Created 04-08-2018 05:28 AM
Hi there,
Fairly typical data flow requirement. CSV file, insert into mariadb staging table, do stuff to clean, import into permanent table.
Got all of that working, except the bit where it needs to truncate the staging table before doing the insert.
Current process is GenerateFlowData (for testing purposes) -> PutDatabaseRecord -> PutSQL (to run the post insert)
I have an Execute SQL ready to go with a TRUNCATE file statement in it. I've tried inserting it between the Generate and the PutDatabaseRecord, joining on failure, but I'm not getting any data through it.
Any ideas?
Created on 04-14-2018 03:41 AM - edited 08-17-2019 10:05 PM
If you are using NiFi1.5+ then you can use PutSQL processor with SQL Statement property as your Truncate statement,as this processor won't change the contents of flowfile, so we can use PutDatabaseRecord processor to prepare SQL statements and finally use PutSQL processor for post insert.
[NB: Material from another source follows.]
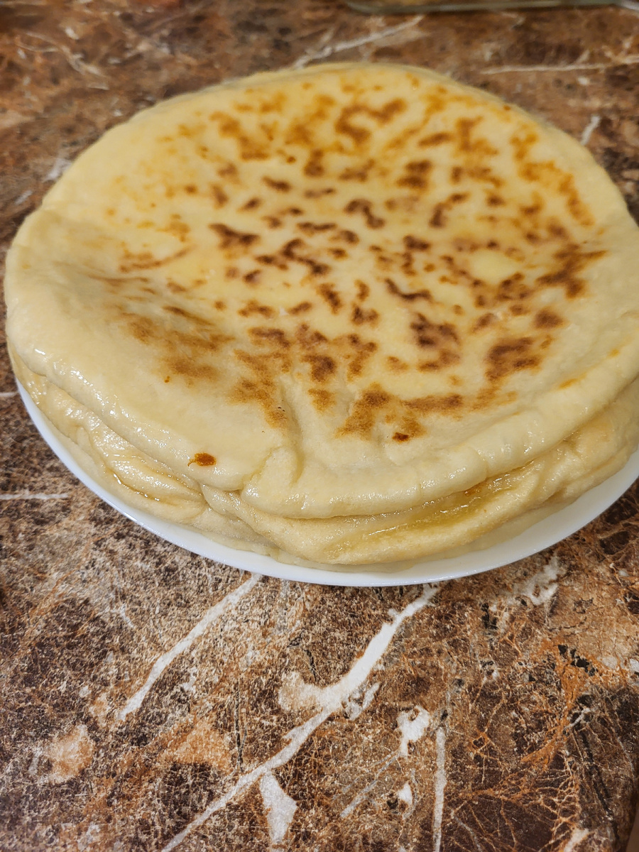 Кладем на сухую сковороду нашу лепешку на средний огонь. Накрываем крышкой и жарим примерно 5-7минут с каждой стороны.

jira addressing SQL statement property in PutSQL processor,
https://issues.apache.org/jira/browse/NIFI-4522
Flow:-
If you are running Prior version of NiFi1.5 then use executescript processor to run truncate statement on the target database and then use PutDatabaseRecord and PutSQL processors. Please refer to this link for more details.
.
If the Answer helped to resolve your issue, Click on Accept button below to accept the answer, That would be great help to Community users to find solution quickly for these kind of issues.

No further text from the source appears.